# Energy required to kick a planet orbiting the Sun from an elliptical to a parabolic path

I am trying to solve the following problem from Goldstein's Classical Mechanics:

A planet of mass $M$ is in orbit of eccentricity $e=1-\alpha$ where $\alpha<<1$, about the Sun. Assume that the motion of the Sun can be neglected and only gravitational forces act. When the planet is at its greatest distance from the Sun, it is struck by a comet of mass $m$, where $m<<M$, traveling in a tangential direction. Assuming the collision is completely inelastic, find the minimum kinetic energy the comet must have to change the new orbit to a parabola.

My reasoning:

Using the conservation of energy equation, we can find the energy of the planet in its elliptical orbit. Since the motion is purely tangential at this point, we have $$E = \frac{1}{2}M(r\dot\theta)^2 - \frac{k}{r}$$ Because it is an ellipse, we have $E<0$. Therefore, the energy the comet should have is $-E$ (since for a parabola, $E=0$), $$E_{comet}=\frac{k}{r}-\frac{1}{2}m(r\dot\theta)^2$$

All that now remains is to simplify the expression for $E_{comet}$ in accordance with the given data. Am I correct in my general reasoning?

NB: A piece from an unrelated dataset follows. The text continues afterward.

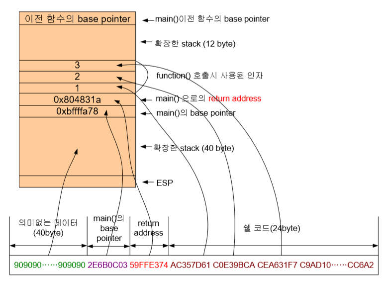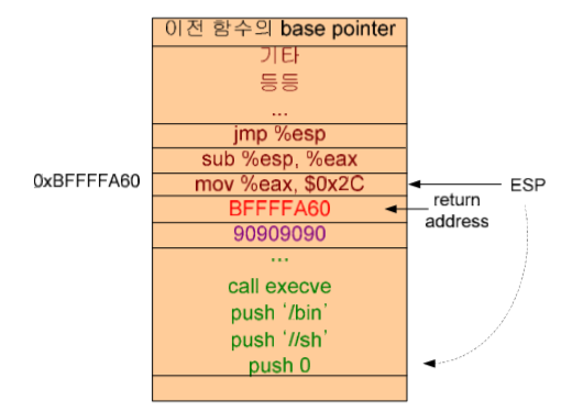 아래 그림은 임의의 공격 코드가 스택 상의 어디에 위치하게 되는지 보여준다.

The orbital energy of two bodies is defined as the energy required to separate them to infinite distance: $$E = E_1 + E_2= \mu \frac{v^2}{2} - \frac{ G m_1 m_2 }{ r } = \mu \left( \frac{v^2}{2} - \frac{ G m_2 }{ r } - \frac{ G m_1 }{ r }\right) = - \frac{ G m_1 m_2 }{ 2 a } = - \frac{ G m_1 m_2 (1+e) }{ 2 d }$$ where: $\mu$ is the reduced mass, v is the relative (heliocentric) velocity, r is the relative separation, a is the semimajor axis, and d is the apoapsis distance. $E_1$ is the amount of energy applied to the 1st body, and $E_2$ is the amount of energy applied to the 2nd body.
So the energy necessary to knock a planet into a parabolic (escape) orbit is: $$\Delta\text{energy} = \frac{ G m_\text{sun} \, m_\text{planet}(1+e) }{ 2 d } = \frac{ G m_\text{sun} \, m_\text{planet} }{ 2 a }$$
Notice that the energy in your first equation is the energy of the planet ($E_2$) with respect to the center of mass of the system. An additional non-negligible amount of energy ($E_1$) is required to knock the Sun into a parabolic orbit. Also note that the r in your equations is defined as the barycentric speed of the planet (not the heliocentric speed).